THERE ARE a few things to say in response to this. The first is that it is a strangely weak line for ‘monarchists’ to take – to argue that the institution they defend so passionately has very little significance anyway. It’s like someone insisting that Rugby Union is a far better game than Soccer and in the next breath saying “they’re really pretty much the same game anyway”. If that was true, you might as well change the rules so that rugby clubs played soccer!
Second thing: there is a grain of truth in what the two Davids say, but only a grain. The Governor-General performs much the same function a head of state performs in a republic with a parliamentary system of government, and that the Queen performs in the UK. That is, he appoints a Ministry which has the support of the majority of the lower house and, except in times of crisis, lets them get on with being the real government of the country despite official documents claiming that Ministers are doing things in his, or Her Majesty’s, name. If you only looked at how things work, you might say that the Governor-General is a ‘de facto’ head of state.
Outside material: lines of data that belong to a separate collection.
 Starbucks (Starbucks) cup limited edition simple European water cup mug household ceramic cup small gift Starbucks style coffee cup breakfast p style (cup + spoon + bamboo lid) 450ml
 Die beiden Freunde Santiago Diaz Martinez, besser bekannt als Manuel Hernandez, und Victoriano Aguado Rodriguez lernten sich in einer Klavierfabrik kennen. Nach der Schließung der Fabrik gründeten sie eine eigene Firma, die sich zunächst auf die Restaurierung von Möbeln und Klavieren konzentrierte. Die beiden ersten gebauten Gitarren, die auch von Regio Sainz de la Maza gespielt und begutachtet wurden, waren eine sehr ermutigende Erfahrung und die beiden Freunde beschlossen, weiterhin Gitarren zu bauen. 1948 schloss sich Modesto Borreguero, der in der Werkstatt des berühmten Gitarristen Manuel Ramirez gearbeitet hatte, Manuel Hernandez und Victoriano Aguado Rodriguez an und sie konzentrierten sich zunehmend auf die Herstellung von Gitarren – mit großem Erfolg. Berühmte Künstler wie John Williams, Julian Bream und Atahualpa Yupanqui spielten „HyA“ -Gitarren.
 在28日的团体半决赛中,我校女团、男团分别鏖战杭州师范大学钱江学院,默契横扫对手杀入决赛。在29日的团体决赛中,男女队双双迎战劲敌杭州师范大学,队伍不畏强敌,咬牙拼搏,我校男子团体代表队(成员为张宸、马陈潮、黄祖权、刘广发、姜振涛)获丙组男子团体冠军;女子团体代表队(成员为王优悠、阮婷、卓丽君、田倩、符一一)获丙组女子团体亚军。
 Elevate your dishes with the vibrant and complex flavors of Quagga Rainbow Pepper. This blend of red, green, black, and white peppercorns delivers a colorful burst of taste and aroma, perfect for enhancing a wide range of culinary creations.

But looking at the Constitution and the law as stated by the High Court of Australia, you find even ‘de facto’ is too strong a term. Section 2 of the Constitution provides that the Governor-General “shall be her Majesty’s representative in the Commonwealth”. Section 1 says Parliament consists of ‘the Queen, a Senate and a House of Representatives’. Section 61 says that the executive power of the Commonwealth is ‘vested in the Queen and is exercisable by the Governor-General as’ – can you see it coming? – ‘the Queen’s representative’. So the text makes it quite clear: the legal head of state powers vest in the Queen; in law the Governor-General is merely a delegate head of state. When the Queen comes to Australia, the Royal Powers Act 1953 provides that any power exercisable under an Act by the Governor-General may be exercised by the Queen. Some have suggested that this is inconsistent with s.2 of the Constitution, but it is quite consistent with the presupposition underlying that section: that the Queen is the head of state and that the reason that she appoints a Governor-General as her representative is simply that she is so far away.
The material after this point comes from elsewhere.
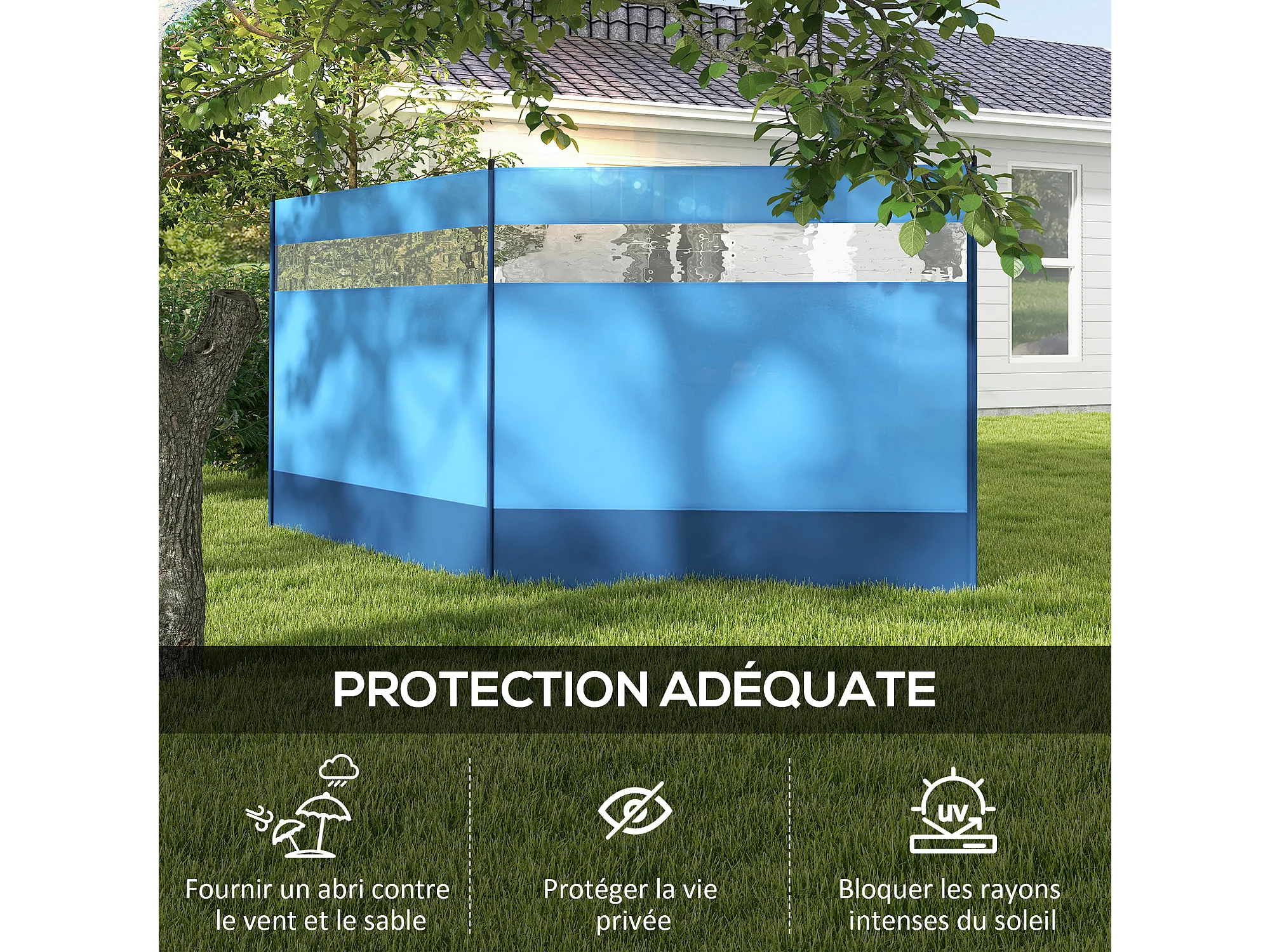 Paravent brise-vue camping plage portable pliable avec sac de transport et poteaux acier dim. 440L x 140H cm bleu

The fact that we share our head of state with the UK and some other Commonwealth countries has been recognised by the High Court. In one case it said that the law of immunity of foreign states “should be approached no differently as regards those foreign states which share [with Australia] the same head of state than it is for those foreign states which do not”. Another judgment referred to “the several and distinct capacities of the Queen as head of state of several and distinct sovereign nations”, and from the context those nations clearly included us. The court has recognised that the world has changed in many ways since 1901 – UK migrants are ‘aliens’ and citizens of a ‘foreign power’, but they still recognise that we share our head of state – the Queen – with the UK and other nations.
So we have no need to be embarrassed by the slogan – let us continue to argue that we want to remove the hereditary monarch from our Constitution and replace her (and her son) with an Australian head of state.